Prior to July 2002, breast cancer cases have increased over the past 20 years. Researchers had attributed part of this trend to the increase in the use of screening mammography. Breast cancers were being diagnosed in earlier stages, which also increased chances of survival. However, researchers had thought that the increased use of HRT among menopausal and post-menopausal women might be a factor in the rise of breast cancer diagnoses.

HRT is synthetic estrogen and/or progesterone (progestin) designed to "replace" a woman's depleting hormone levels. Decreased levels of estrogen during menopause may cause hot flashes, vaginal dryness, sleep disturbances, or other bothersome side effects. The dryness of tissue surrounding the vagina and urethra may cause pain during sexual intercourse or urination, and HRT helps to relieve these and other menopausal symptoms.

While HRT has been shown to be effective at relieving menopausal symptoms and may provide protection against conditions such as osteoporosis, recent research has shown that HRT may increase the risk of breast cancer. In July 2002, the National Institutes of Health halted a large study on HRT, called the Women's Health Initiative, because the combined estrogen/progestin regimen of the therapy was found to cause 8 cases of invasive breast cancer for every 10,000 women on HRT (a 26 percent increase in breast cancer risk compared to women who do not take HRT).

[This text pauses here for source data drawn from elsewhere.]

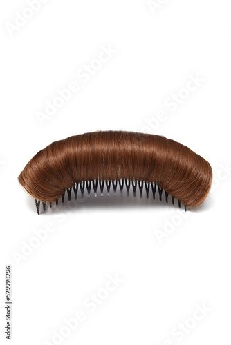 Close-up shot of a hair volumiser. The brown hair pad for hair styling and hair volumizing is isolated on a white background. Front view.
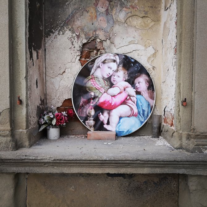 Er rechterover de kerk ‘la confraternita della mesiricordia’. Aan de voorgevel hiervan een olieverfschilderij op doek ‘La carita’… Een broeder die een zieke op zijn schouder draagt…
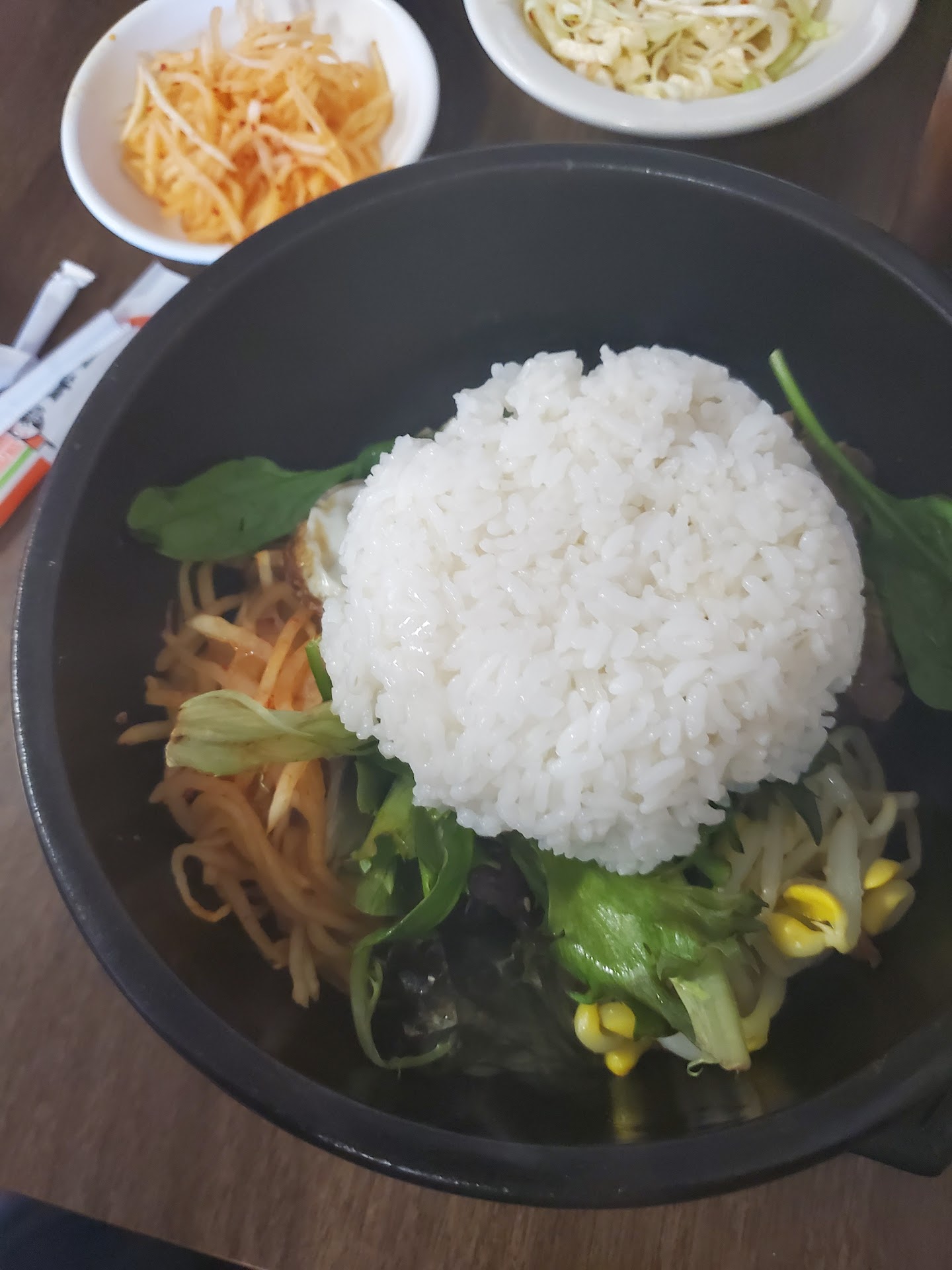 When the kimbap arrived, it was small cut of cucumber, pickled radish, spinach, and egg with a lot of rice. For an $8 roll, it was outrageous price. The kimchi was too fermented, almost gone bad and the lemon water that was served tasted like dish soap.
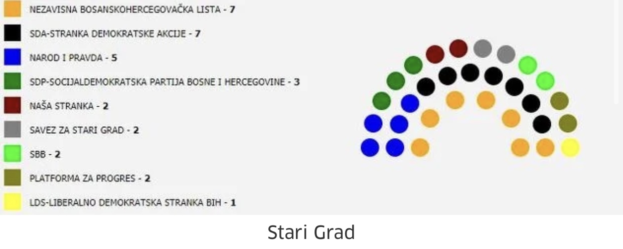 Nezavisna bosanskohercegovačka lista je dobila najviše glasova i imaju sedam vijećnika, a Narod i pravda pet. SDA je izgubila 1.500 glasova u ovoj općini i jedno vijećničko mjesto pa sada imaju sedam. Dva vijećnika je izgubila Naša stranka i sada imaju svega dva, SBB također ima dva mjesta u Općinskom vijeću koliko su osvojili i na prošlim izborima. SDP je zadržao svoja tri vijećnika, dok Savez za stari grad i Platforma za progres imaju po dva vijećnika.
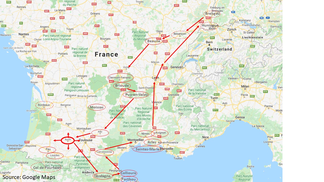 After having visited Bordeaux, Mimizan and Toulouse, Eugen and his wife left Auch to return to Germany performing a round tour to the Mediterranean Sea.
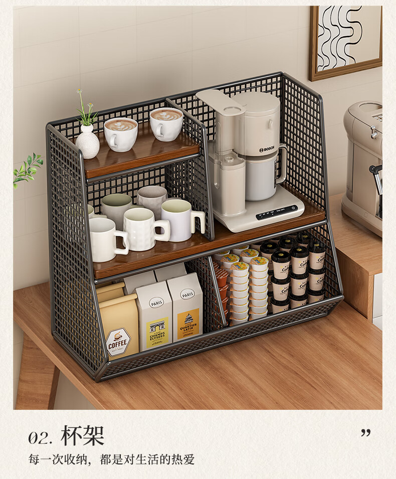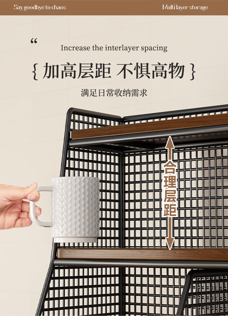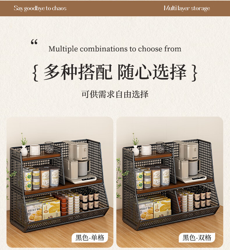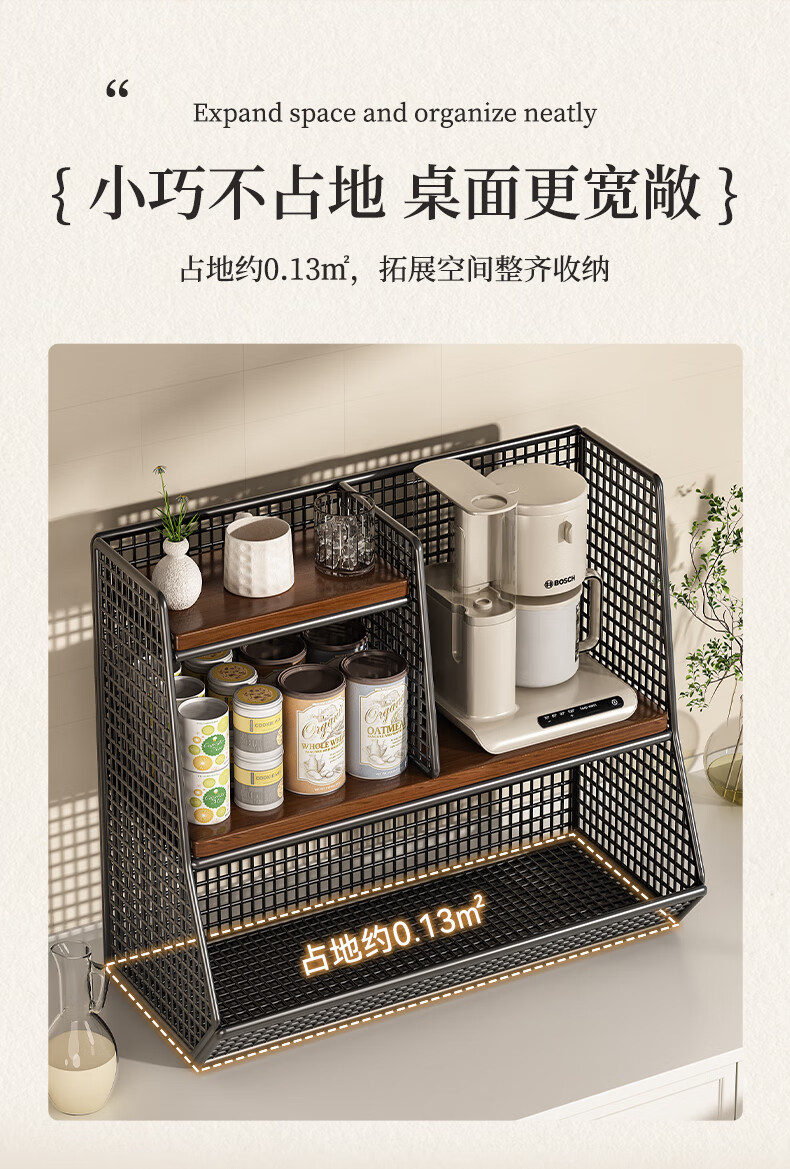 杯子收纳神器桌面置物架分层零食厨房家用餐桌上台面架多 黑架胡桃色40cm【大号单格】
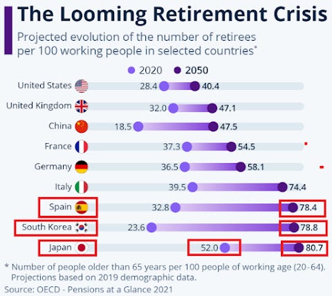 As can be seen, Japan's situation in 2020 was already one of the worst among OECD economies (most developed countries) with 52 people over 65 years old for every 100 people aged 20-65 ("theoretical" working age), and if everything continues as it is today, in Japan in 2050 there would be almost 81 people over 65 years old for every 100 people in the 20-65 age group , it does not seem that this is really very sustainable, and 25 years is not a very distant date in time...
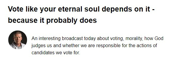 Mike Adams even put a video up claiming that to not vote is a sin against God.
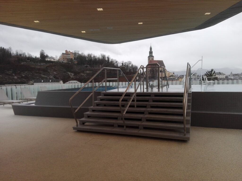 Nach einer intensiven Therapieeinheit kann beispielsweise die Möglichkeit, das umfassende Angebot des Hallenbades zu nutzen, zur Entspannung und Regeneration beitragen. Das Schwimmbad mit Sport-, Familien- und Kinderbecken, sowie Attraktionen wie Kletterwand und Rutsche, bietet eine willkommene Abwechslung und fördert die Bewegung auf eine andere Art und Weise. Der weitläufige Saunabereich mit Bio- und Kräutersauna, Dampfbad und Infrarotkabine ist eine hervorragende Ergänzung zu den therapeutischen Anwendungen, da Wärme und Entspannung die Muskulatur lockern und den Stresspegel senken können. Die ganzjährig geöffnete Außenterrasse des Saunabereichs bietet zudem einen spektakulären Blick auf die Salzburger Altstadt, der die Seele beruhigt und den Geist erfrischt.
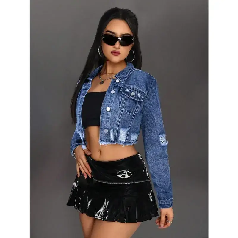 Cropped Denim Jacket, Casual & Fashionable For Everyday Wear Tops Fit Long Sleeve

In the current study, Donald Berry, Ph.D. of the M.D. Anderson Cancer Center and colleagues studied breast cancer diagnoses in nine areas of the United States that contribute data to the National Cancer Institute's Surveillance Epidemiology and End Results (SEER) database. They found that while breast cancer cases increased by 1.7% per year from 1990 to 1998, and when age was taken into account, diagnoses remained generally stable between 1998 and 2002. However, between 2002 and 2003, there was a 7% decrease in the number of breast cancer cases diagnosed. This amounts to 14,000 fewer cases of breast cancer.

When the researchers looked closely at the 2003 data, they found a decrease among certain types of breast cancers that are dependent upon estrogen (called estrogen-receptor positive breast cancers). There was an 8% decline in these types of breast cancers in 2003, and a 12% decline among women aged 50 to 69, as compared to 4% decline in breast cancers that were not estrogen dependent.

Researchers cannot definitely say whether the reduction in HRT use is the underlying cause in the decline in breast cancer cases. However, according to the researchers, about 30% of women older than 50 had been taking HRT in the early 2000s but that about half of these women stopped using HRT in late 2002 after the Women's Health Initiative study was halted.

"Research has shown that estrogen receptor-positive tumors will stop growing if they are deprived of the hormones, so it is possible that a significant decrease in breast cancer can be seen if so many women stopped using HRT," said Ravdin in an M.D. Anderson news release.

This information can be confusing for menopausal and post-meonpausal women who have been bombarded with conflicting messages about the safety of HRT. Women at high risk of breast cancer (as determined by family and personal history, etc.) may be advised not to take HRT, but for women at low risk of the disease, the benefits of short-term HRT use could outweigh the possible risks. At the moment, the best advice experts can give is for women to discuss the benefits and risks of HRT with their physicians and make informed choices.